After a week he was less positive, and after a month he was frankly
puzzled and doubtful. He seemed so early to have reached an unsurmountable
barrier; she would talk about anything and everything with the utterest
frankness, yet somehow, after it all, he felt that it had no connection with
getting to know her. Sir Henry, of course, never ceased to sing her praises.
She was the model secretary; how he had ever managed so many years with that
fellow Watts, he could hardly think. The scene in the library every morning
at ten o’clock when Philippa arrived to begin work was almost touching.
Sir Henry, stirred to a gallantry that had never been his in earlier days,
would greet her with a benign smile, pat her shoulder and ask after her
health, and, if he imagined or chose to imagine that she looked tired, would
ring for a glass of sherry. And she on her side grudgingly yet somehow
gratefully permitted time to be wasted on such courtesies.
A.J. agreed that she was marvellous. Her merely physical effect on the old
man was remarkable; there came a sparkle into his eyes and a springiness into
his walk that had not been seen since the first Jubiles. A.J. judged, too,
that she did other things; Sir Henry’s occasional articles in the Press
(writing was one of those things he ‘still’ did) became more
frequent, more varied, and—if that were possible—more
characteristic of him than ever. Once A.J. glanced over her shoulder when she
was working; she was preparing notes, she said, for some centenary article on
Elizabethan literature that Sir Henry had promised to write. In neat,
verbless phrases she had selected just the material he would
need—’Marlowe in his worst moments grandiloquent and
turgid’—’Fairy Queen a monument of literary
atavism’—’Titus Andronicus probably not
Shakespeare’s’—and so on. Sir Henry did the rest, and how
well he did it, too, and with what a sublime flavour of personality! A.J.

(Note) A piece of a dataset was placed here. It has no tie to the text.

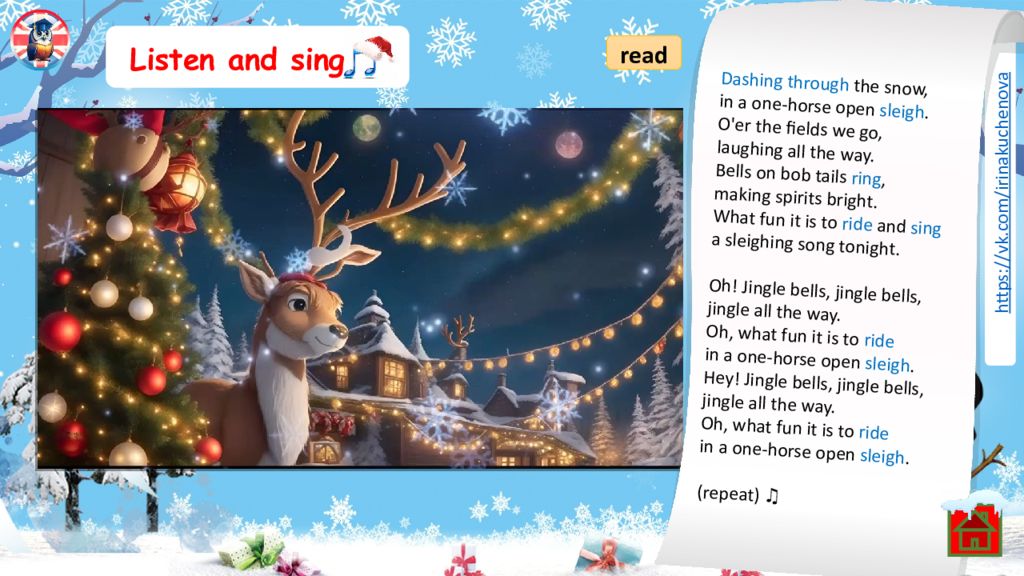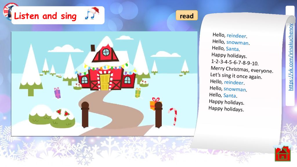 Listen and sing READ read Hello, reindeer. Hello, snowman. Hello, Santa. Happy holidays. 1-2-3-4-5-6-7-8-9-10. Merry Christmas, everyone. Let’s sing it once again. Hello, reindeer. Hello, snowman. Hello, Santa. Happy holidays. Happy holidays.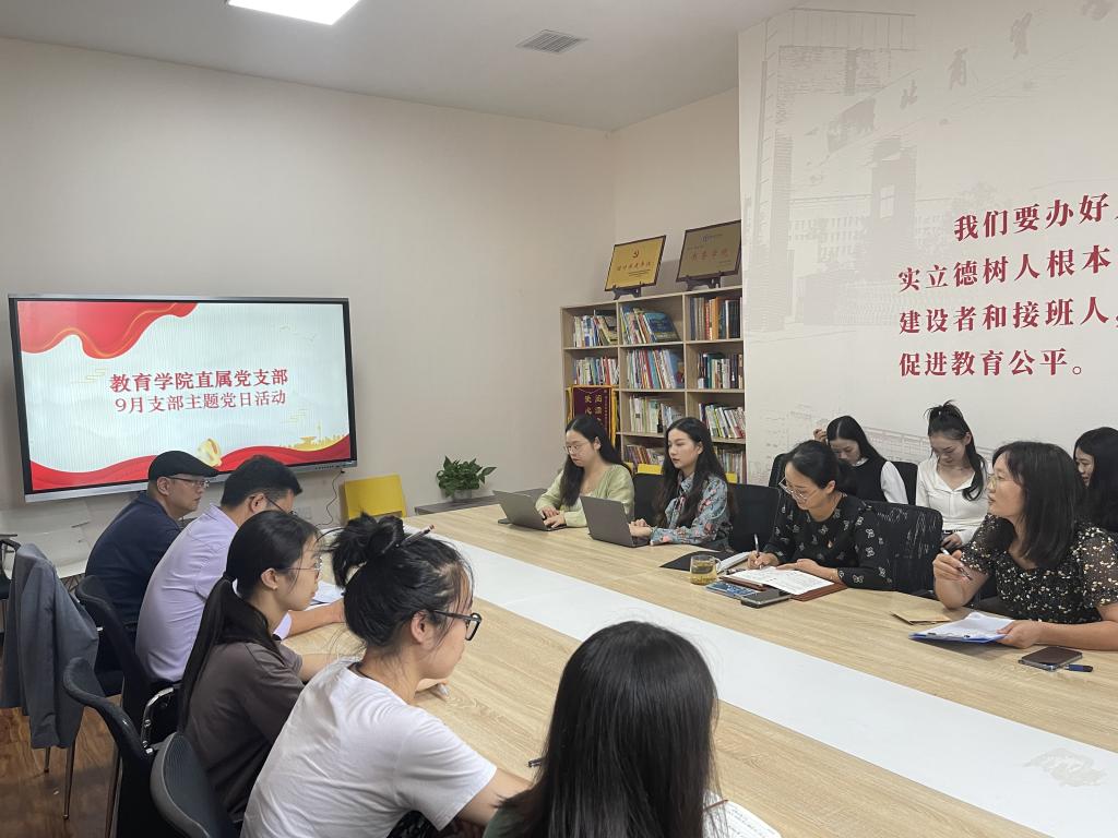 9月27日下午,yl6809永利集团直属党支部在创新创业大楼304会议室召开了“深入学习宣传贯彻党的二十大精神,深入开展学习贯彻习近平新时代中国特色社会主义思想主题教育”主题党日活动。此次活动由yl6809永利集团直属党支部书记郑洁主持,yl6809永利集团全体无课教师党员、学生党员及发展对象代表参加。

kept the article when it appeared, underlining such sentences
as—’I do not think it can be denied that in his less happy
moments Marlowe was occasionally guilty of a certain grandiloquence of
phraseology—almost, I might say, turgidity’—’I cannot
but think that the Faerie Queene, regarded from a strictly literary
viewpoint, is in some sense atavistic’—and—’I have
yet to discover any arguments that would lead me to suppose that Titus
Andronicus was, in its entirety, a work by the master-hand that penned
Lear and Othello.’
A.J. was kept fairly busy during the years that followed. Sir Henry got
him reviewing jobs on the Comet and other papers, besides which he
wrote occasionally for the Pioneer and was also understood to be at
work upon a novel. But the plain truth soon became apparent that he was no
good at all as a journalist. He was too conscientious, if anything; he read
too carefully before he reviewed, and he gave his opinions too
downrightly—he had none of Sir Henry’s skill in praising with
faint damns. Nor had he the necessary journalistic flair for manufacturing an
attitude at a moment’s notice; he would say ‘I don’t
know’ or ’I have no opinion’ far oftener than was
permissible in Fleet Street. He even, after several years, gave up his
projected novel for the excellent but ignominious reason that he could not
make up his mind what it was to be about.